---------- SOURCE MATERIAL ----------

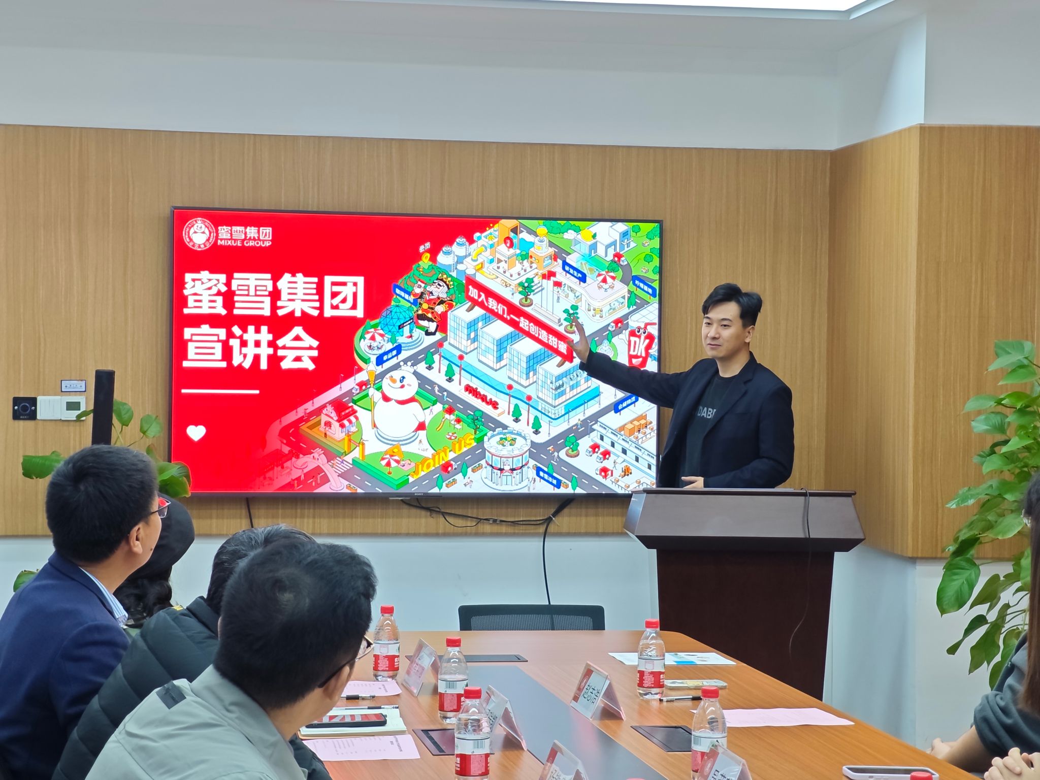 蜜雪集团校招组负责人陈冠龙介绍了蜜雪集团的创办历史、91黑料网、社会责任、发展前景等内容。陈冠龙表示,蜜雪集团始终遵循“真人真心真产品,不走捷径不骗人”的核心价值观,为广大消费者奉上高质平价的美味。同时,蜜雪集团及下属企业也一直积极响应国家号召,在全国范围内积极开展校企就业合作。
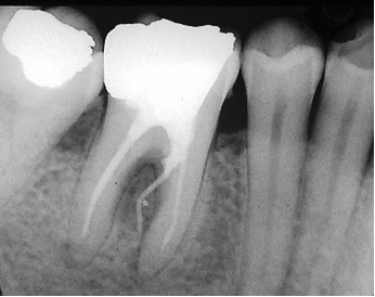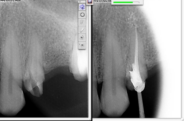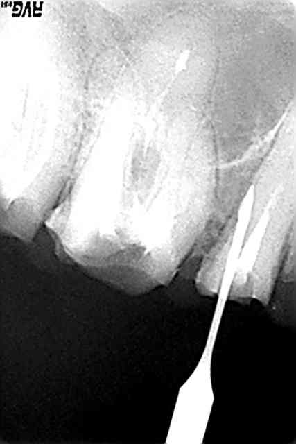 Fausse rote avec perforation sur une incisive inférieure très calcifiée. (eugenol.com)
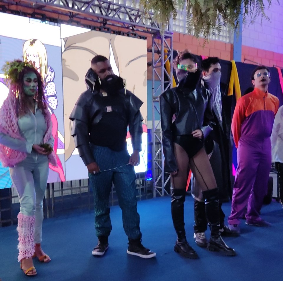 Entre as apresentações, o reino animado de João Bananeira, criado pelos próprios alunos para contar de maneira lúdica a história capixaba, subirá ao palco com seus movimentos mecânicos. Também, moda e realidade virtual vão se misturar em uma história em quadrinho que, se passa em um futuro cyberpunk com dois universos que se colidem: a moda toda em preto e metálico com a moda colorida. E, como o futuro cyber não deve ser pensado sem sustentabilidade, a moda upcycling será exibida para mostrar que é possível reutilizar roupas e tecidos, pensando ecologicamente a melhora da economia circular capixaba. Por fim, vestidos de alta elegância serão exibidos, representando a moda praia.
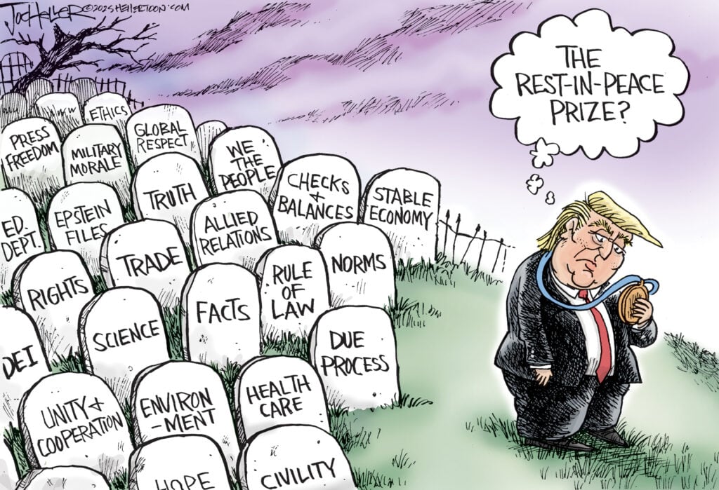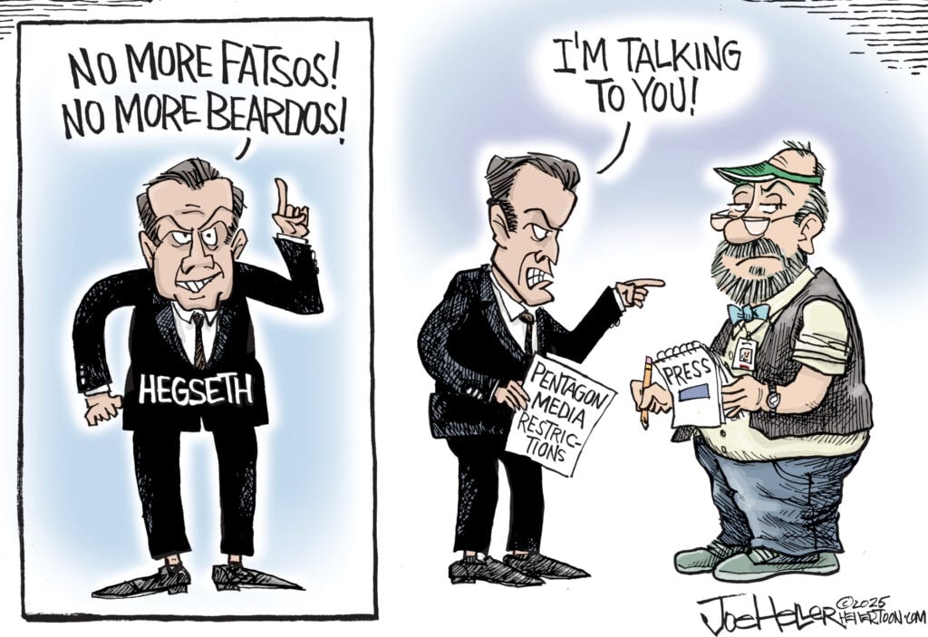 Joe Heller was the editorial cartoonist for the Green Bay Press-Gazette in Green Bay, Wis., from 1985 until being laid off in July 2013. He still draws several cartoons a week and distributes them through his own syndicate. Through Heller Syndication, his cartoons regularly appear in more than 400 newspapers, making him the most successful self-syndicated editorial cartoonist in the nation. His cartoons are reprinted many times in USA Today, Denver Post, St. Paul Pioneer Press, The New York Times, the Los Angeles Times, Newsweek Japan, The Week and The Washington Post. Joe’s cartoons have won numerous distinctions, including 10 Best of Gannett awards, eight Milwaukee Press Club awards and two Honorable mentions for the John Fischetti Award. He lives in Green Bay with his wife, Pamela. He is a regular featured cartoonist for the NKyTribune.

----------

Please give all of the data again, exact and free of pictures.

 蜜雪集团校招组负责人陈冠龙介绍了蜜雪集团的创办历史、91黑料网、社会责任、发展前景等内容。陈冠龙表示,蜜雪集团始终遵循“真人真心真产品,不走捷径不骗人”的核心价值观,为广大消费者奉上高质平价的美味。同时,蜜雪集团及下属企业也一直积极响应国家号召,在全国范围内积极开展校企就业合作。
 Fausse rote avec perforation sur une incisive inférieure très calcifiée. (eugenol.com)
 Entre as apresentações, o reino animado de João Bananeira, criado pelos próprios alunos para contar de maneira lúdica a história capixaba, subirá ao palco com seus movimentos mecânicos. Também, moda e realidade virtual vão se misturar em uma história em quadrinho que, se passa em um futuro cyberpunk com dois universos que se colidem: a moda toda em preto e metálico com a moda colorida. E, como o futuro cyber não deve ser pensado sem sustentabilidade, a moda upcycling será exibida para mostrar que é possível reutilizar roupas e tecidos, pensando ecologicamente a melhora da economia circular capixaba. Por fim, vestidos de alta elegância serão exibidos, representando a moda praia.
 Joe Heller was the editorial cartoonist for the Green Bay Press-Gazette in Green Bay, Wis., from 1985 until being laid off in July 2013. He still draws several cartoons a week and distributes them through his own syndicate. Through Heller Syndication, his cartoons regularly appear in more than 400 newspapers, making him the most successful self-syndicated editorial cartoonist in the nation. His cartoons are reprinted many times in USA Today, Denver Post, St. Paul Pioneer Press, The New York Times, the Los Angeles Times, Newsweek Japan, The Week and The Washington Post. Joe’s cartoons have won numerous distinctions, including 10 Best of Gannett awards, eight Milwaukee Press Club awards and two Honorable mentions for the John Fischetti Award. He lives in Green Bay with his wife, Pamela. He is a regular featured cartoonist for the NKyTribune.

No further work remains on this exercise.